A repro-pack is an open-access archive of all the scripts, datasets, and configuration files needed to perform an analysis and reproduce the results published in a paper, which Barba’s team uploads to open-access repositories such than Zenodo and Figshare. Once they realized their code contained an error – they had accidentally omitted a math term from one of their equations – Clementi retrieved the relevant repro-pack, corrected the code, ran his calculations again, and compared the results. Without repro-pack, she would have had to remember exactly how that data was processed. “It probably would have taken me months to try to see if this [code] was correct or not,” she said. Instead, it only took two days.
Brown needed much longer to fix a bug he discovered in 2020 when he tried to apply his lab’s metagenome research tool, called spacegraphcats, to a new question. The software contained a bad filtering step, which deleted some data. “I started thinking, ‘oh my God, maybe this calls the original post into question,'” he deadpans. Brown fixed the software in less than two weeks. But restarting the calculations delayed the project for several months.
To minimize delays, good documentation is crucial. Milan Curcic, an oceanographer at the University of Miami, Florida, co-authored a 2020 study6 who studied the impact of hurricane wind speed on ocean waves. As part of this work, Curcic and his colleagues repeated calculations that had been performed in the same lab in 2004, only to discover that the original code was using the wrong data file to perform some of its calculations, producing a ” offset” of about 30%.
According to Google Scholar, the 2004 studyseven has been cited more than 800 times, and its predictions inform hurricane forecasts today, Curcic says. Yet its code, written in the MATLAB programming language, has never been posted online. And it was so poorly documented that Curcic had to go through it line by line to figure out how it worked. When he found the error, he said, “The question was, am I misunderstanding it correctly, or is it really incorrect?”

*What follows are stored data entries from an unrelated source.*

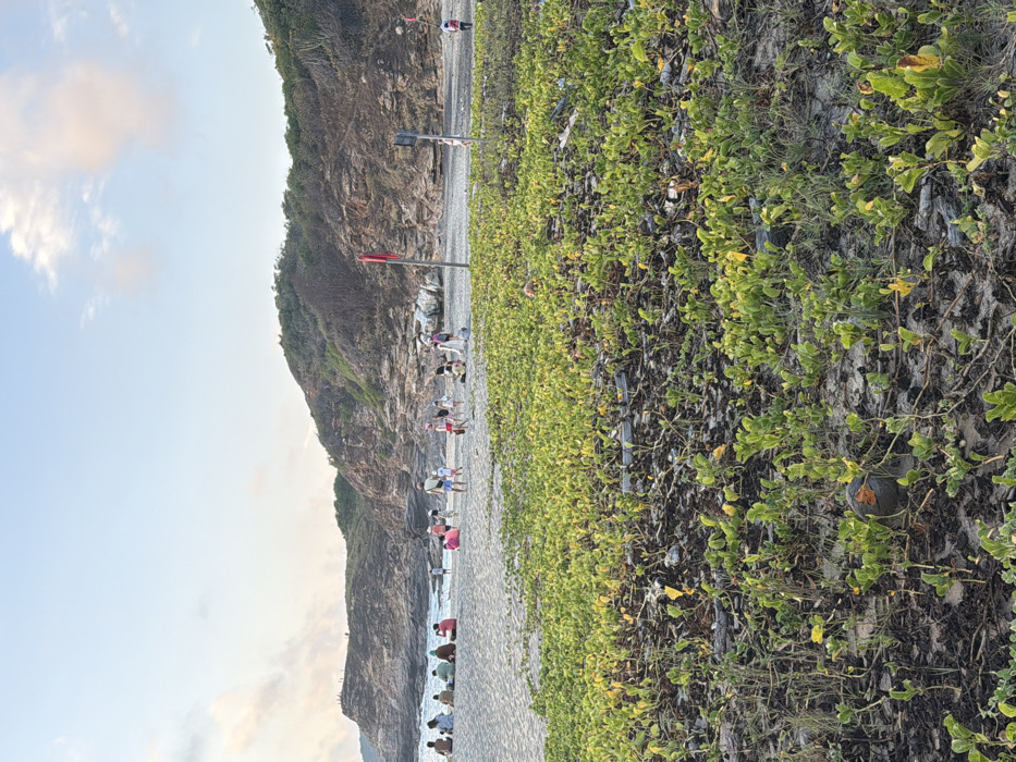 A beach scene shows a group of people gathered at the shoreline, near a rocky cliff face. A red flag stands prominently on the beach. In the foreground, lush green vegetation covers the ground, contrasting with the sandy beach and the rocky terrain. The sky is partly cloudy, suggesting either early morning or late afternoon light.
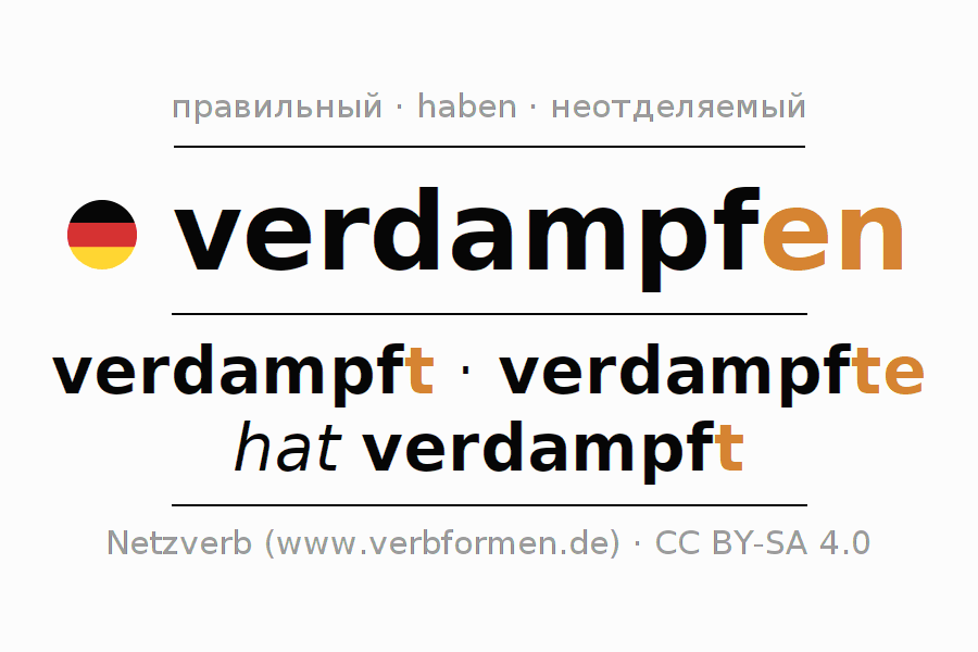 Формами спряжения verdampfen (испаряться, испариться) в повелительном наклонении являются: verdampfe (du), verdampfen wir, verdampft (ihr), verdampfen Sie
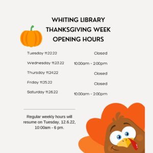 Whiting Library will be closed on Tuesday, November 22nd and Friday, November 25th during the week of Thanksgiving. The library will be open on Wednesday, November 23 from 10:00 am to 2 pm and on Saturday, November 26th from 10:00 am to 2 pm.
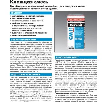 Лепилото Ceresit е предназначено за монтаж на керамични, клинкерни, порцеланови каменни изделия и облицовъчни материали от камък със степен на абсорбция на влага не надвишава 3%. При изливане на замазка за системата “топъл под” се препоръчва да се добави течен еластификатор към състава. Това ще предпази адхезивния слой от напукване по време на редовни цикли на разширяване-свиване, които неизбежно възникват под въздействието на различни температури. Адхезивният състав може да работи при температури от -50 до 70 градуса. Съставите, устойчиви на замръзване, са в състояние да издържат до сто цикъла на замразяване и размразяване без влошаване на работните им свойства.
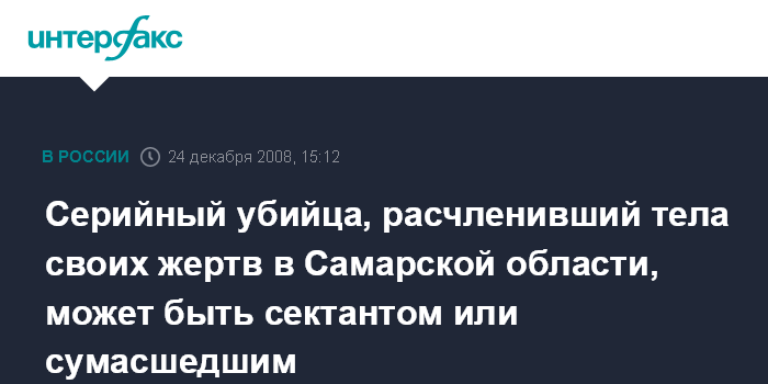 Москва. 24 декабря. INTERFAX.RU - Преступник, совершивший в городе Новокуйбышевске Самарской области тройное убийство и подбросивший кисть одной из жертв в местную церковь, - сектант или сумасшедший, заявил руководитель следственного управления СКП РФ по Самарской области Виталий Горсткин.
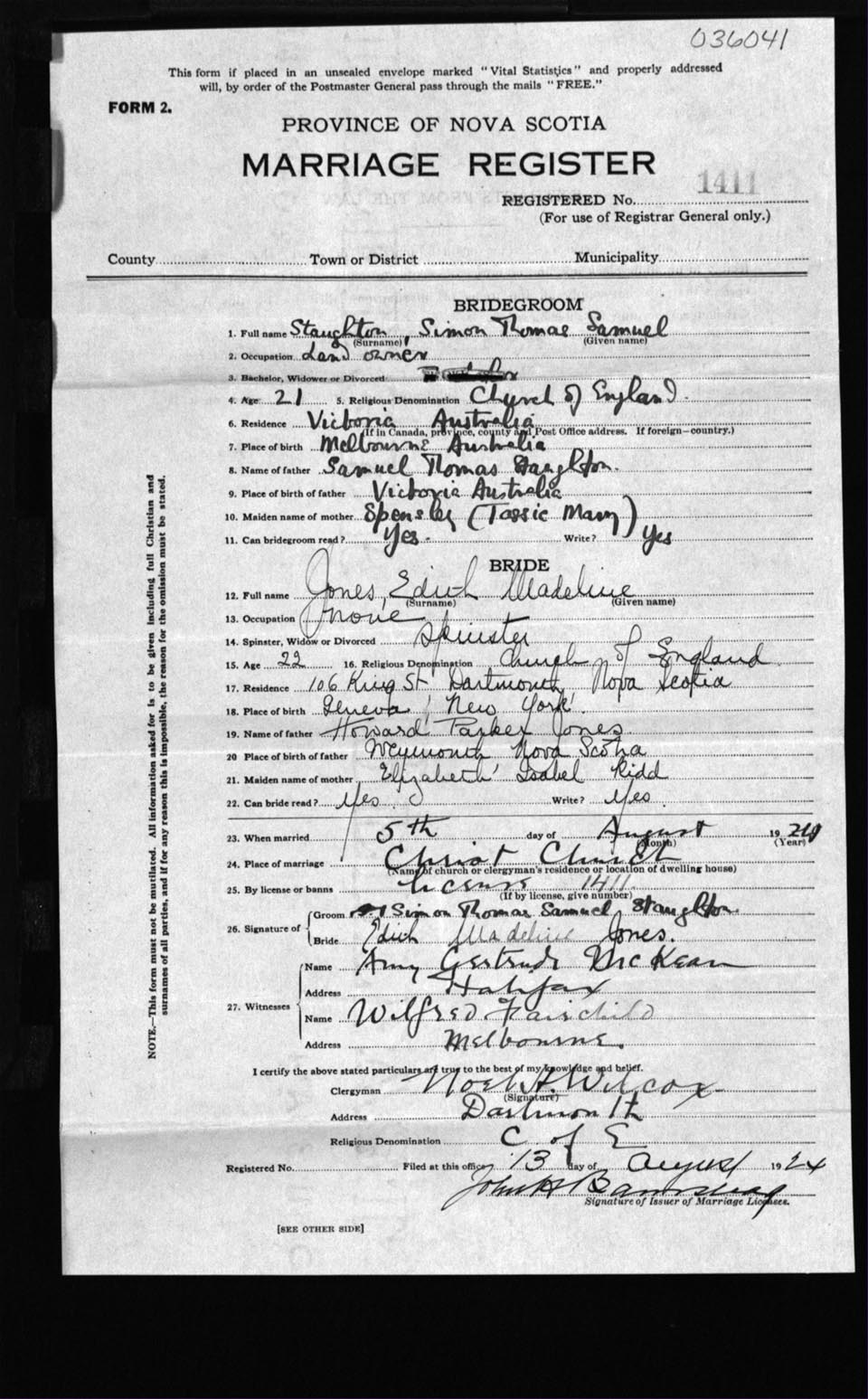 Registration: Year: 1924 number: 3641
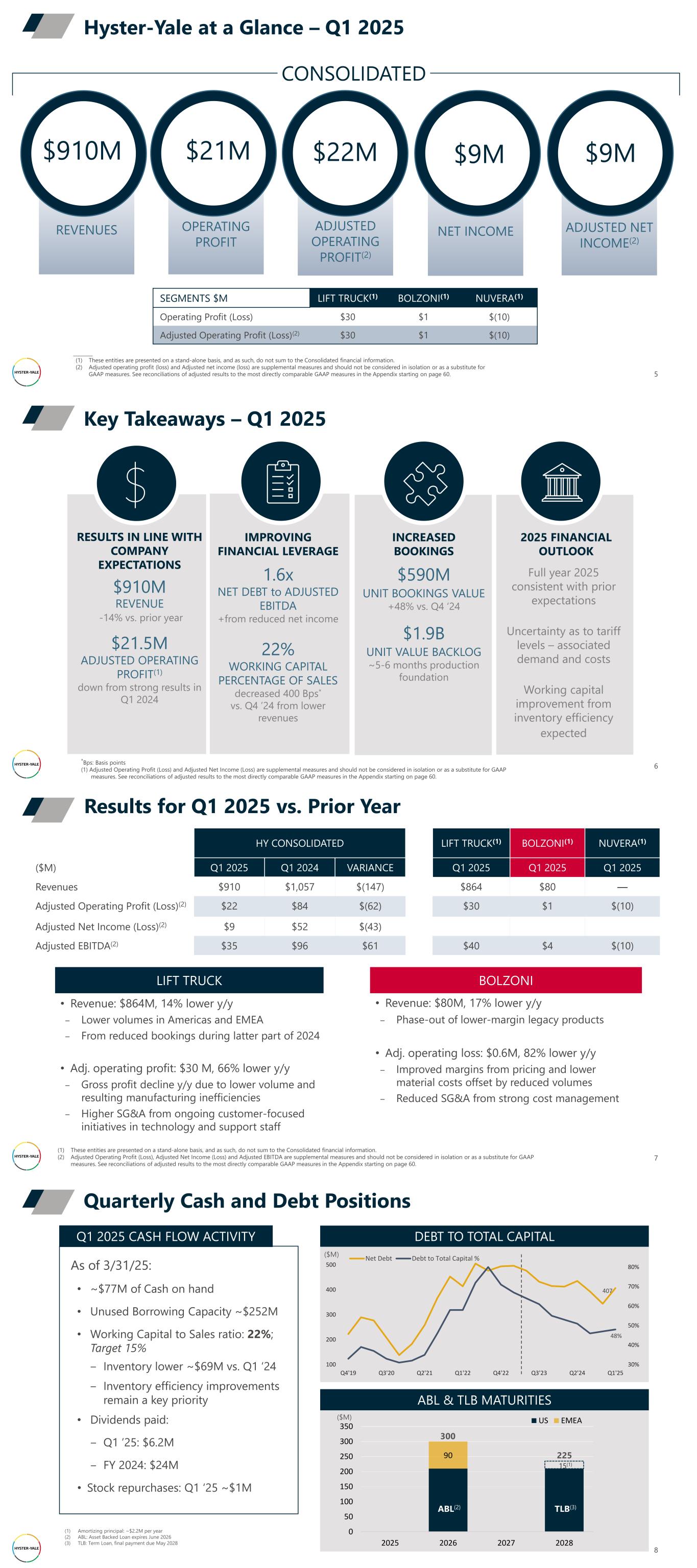 REVENUES OPERATING PROFIT ADJUSTED OPERATING PROFIT(2) NET INCOME ADJUSTED NET INCOME(2) 5 Hyster-Yale at a Glance – Q1 2025 $910M $21M $22M $9M $9M CONSOLIDATED SEGMENTS $M LIFT TRUCK(1) BOLZONI(1) NUVERA(1) Operating Profit (Loss) $30 $1 $(10) Adjusted Operating Profit (Loss)(2) $30 $1 $(10) ________ (1) These entities are presented on a stand-alone basis, and as such, do not sum to the Consolidated financial information. (2) Adjusted operating profit (loss) and Adjusted net income (loss) are supplemental measures and should not be considered in isolation or as a substitute for GAAP measures. See reconciliations of adjusted results to the most directly comparable GAAP measures in the Appendix starting on page 60. Key Takeaways – Q1 2025 6 2025 FINANCIAL OUTLOOK IMPROVING FINANCIAL LEVERAGE 1.6x NET DEBT to ADJUSTED EBITDA +from reduced net income 22% WORKING CAPITAL PERCENTAGE OF SALES decreased 400 Bps* vs. Q4 ’24 from lower revenues INCREASED BOOKINGS $590M UNIT BOOKINGS VALUE +48% vs. Q4 ‘24 $1.9B UNIT VALUE BACKLOG ~5-6 months production foundation RESULTS IN LINE WITH COMPANY EXPECTATIONS $910M REVENUE -14% vs. prior year $21.5M ADJUSTED OPERATING PROFIT(1) down from strong results in Q1 2024 *Bps: Basis points (1) Adjusted Operating Profit (Loss) and Adjusted Net Income (Loss) are supplemental measures and should not be considered in isolation or as a substitute for GAAP measures. See reconciliations of adjusted results to the most directly comparable GAAP measures in the Appendix starting on page 60. Full year 2025 consistent with prior expectations Uncertainty as to tariff levels – associated demand and costs Working capital improvement from inventory efficiency expected HY CONSOLIDATED LIFT TRUCK(1) BOLZONI(1) NUVERA(1) ($M) Q1 2025 Q1 2024 VARIANCE Q1 2025 Q1 2025 Q1 2025 Revenues $910 $1,057 $(147) $864 $80 — Adjusted Operating Profit (Loss)(2) $22 $84 $(62) $30 $1 $(10) Adjusted Net Income (Loss)(2) $9 $52 $(43) Adjusted EBITDA(2) $35 $96 $61 $40 $4 $(10) Results for Q1 2025 vs. Prior Year 7 (1) These entities are presented on a stand-alone basis, and as such, do not sum to the Consolidated financial information. (2) Adjusted Operating Profit (Loss), Adjusted Net Income (Loss) and Adjusted EBITDA are supplemental measures and should not be considered in isolation or as a substitute for GAAP measures. See reconciliations of adjusted results to the most directly comparable GAAP measures in the Appendix starting on page 60. LIFT TRUCK • Revenue: $864M, 14% lower y/y ‒ Lower volumes in Americas and EMEA ‒ From reduced bookings during latter part of 2024 • Adj. operating profit: $30 M, 66% lower y/y ‒ Gross profit decline y/y due to lower volume and resulting manufacturing inefficiencies ‒ Higher SG&A from ongoing customer-focused initiatives in technology and support staff BOLZONI • Revenue: $80M, 17% lower y/y ‒ Phase-out of lower-margin legacy products • Adj. operating loss: $0.6M, 82% lower y/y ‒ Improved margins from pricing and lower material costs offset by reduced volumes ‒ Reduced SG&A from strong cost management Quarterly Cash and Debt Positions 8 As of 3/31/25: • ~$77M of Cash on hand • Unused Borrowing Capacity ~$252M • Working Capital to Sales ratio: 22%; Target 15% ‒ Inventory lower ~$69M vs. Q1 ‘24 ‒ Inventory efficiency improvements remain a key priority • Dividends paid: ‒ Q1 ’25: $6.2M ‒ FY 2024: $24M • Stock repurchases: Q1 ‘25 ~$1M Q1 2025 CASH FLOW ACTIVITY 407 48% 30% 40% 50% 60% 70% 80% 100 200 300 400 500 Q4'19 Q3'20 Q2'21 Q1'22 Q4'22 Q3'23 Q2'24 Q1'25 Net Debt Debt to Total Capital % DEBT TO TOTAL CAPITAL ($M) 90 0 50 100 150 200 250 300 350 2025 2026 2027 2028 US EMEA ABL & TLB MATURITIES 300 225 15(1) ABL(2) TLB(3) ($M) (1) Amortizing principal: ~$2.2M per year (2) ABL: Asset Backed Loan expires June 2026 (3) TLB: Term Loan, final payment due May 2028
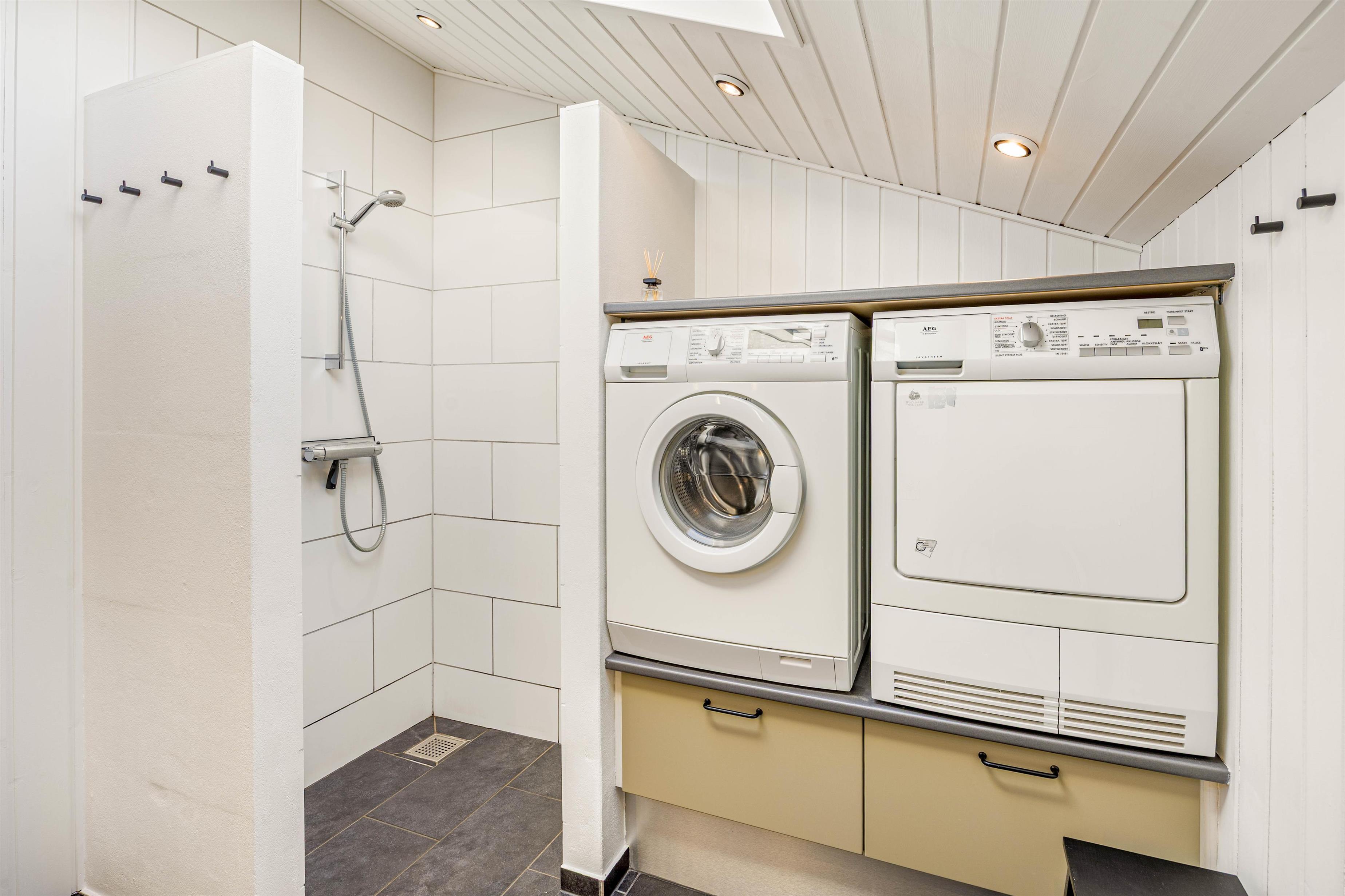 Badeværelset er udstyret med gulvvarme, så I kan starte dagen med varme fødder. De praktiske hjælpere i hverdagen – vaskemaskinen og tørretumbleren – står også klar til brug. Det gør det nemt for jer at pakke inden ankomsten, da I kun behøver at tage jeres yndlingstøj med.
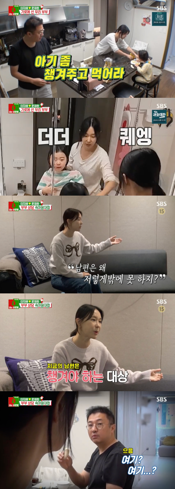 전문가를 만난 이지혜는 "남편이 나보다도 나아지기를 바라는 마음"이라며 "육아부터 집안 대소사까지 다 제가 한다. 남편이 하는 게 성에 안 찬다. 예를 들어 아이들 약을 먹일 경우, 남편은 아이들 약을 먹인 다음에 뒷정리를 하지 않고 쓰레기를 다 식탁 위에 둔다. 그러면 제가 또 치워야 하는 것"이라고 문재완에 대한 불만을 털어놨다.
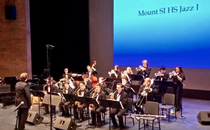 Mount Si Jazz Band is Directed Bill Leather. In a district announcement he commented, “We are extremely proud of the hard work and dedication our jazz students bring to the music every day. Their passion and commitment to excellence is inspiring!We are looking forward to representing Mount Si High School at the prestigious Essentially Ellington Festival in May alongside some of the best high school jazz programs in the country.”
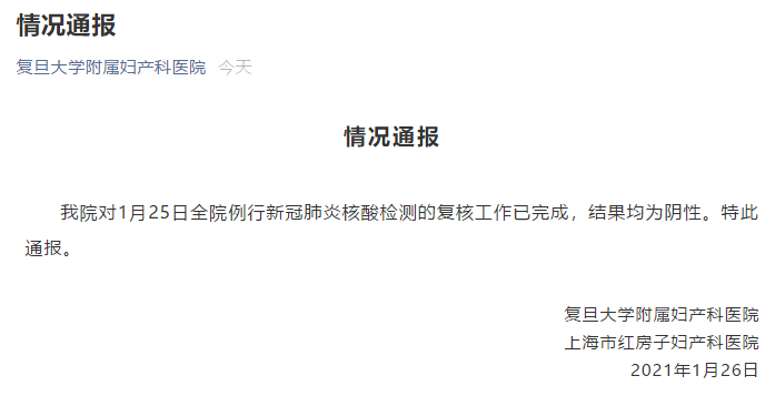 1月26日凌晨,复旦大学附属妇产科医院(上海红房子妇产科医院)发布情况通报:该院对1月25日全院例行新冠肺炎核酸检测的复核工作已完成,均为阴性。

Strand asks team members to read each other’s code to familiarize them with programming and encourage good documentation. “The code should be commented enough that even someone who doesn’t know how to code can understand what’s going on and how the data changes at each step,” she says.
And she encourages students to view mistakes as part of science rather than personal failures. “Labs that have a culture of ‘smart, careful people don’t make mistakes,’ are preparing to be a lab that doesn’t admit mistakes,” she says.
Bugs do not necessarily mean retraction in all cases. Barba, Brown, and Weisberg’s errors had only minor impacts on their results, and none required changes to their publications. In 2016, Marcos Gallego Llorente, then a graduate student in genetics at the University of Cambridge, UK, identified an error in the code he wrote to study human migration patterns in Africa 4,500 years ago. . When he reanalyzed the data, the overall conclusion was unchanged, although the extent of its geographical impact was, and one correction was enough.
Thomas Hoye, an organic chemist at the University of Minnesota in Minneapolis, co-authored a study that used the software in which Williams discovered a bug. When Williams contacted him, Hoye says, he didn’t have “a particularly strong reaction.” He and his colleagues fixed their code, updated their protocols online, and moved on.
“I couldn’t help but think at the end, ‘this is how science should work,'” he says. “You find a mistake, you step back, you improve, you correct, you move forward.”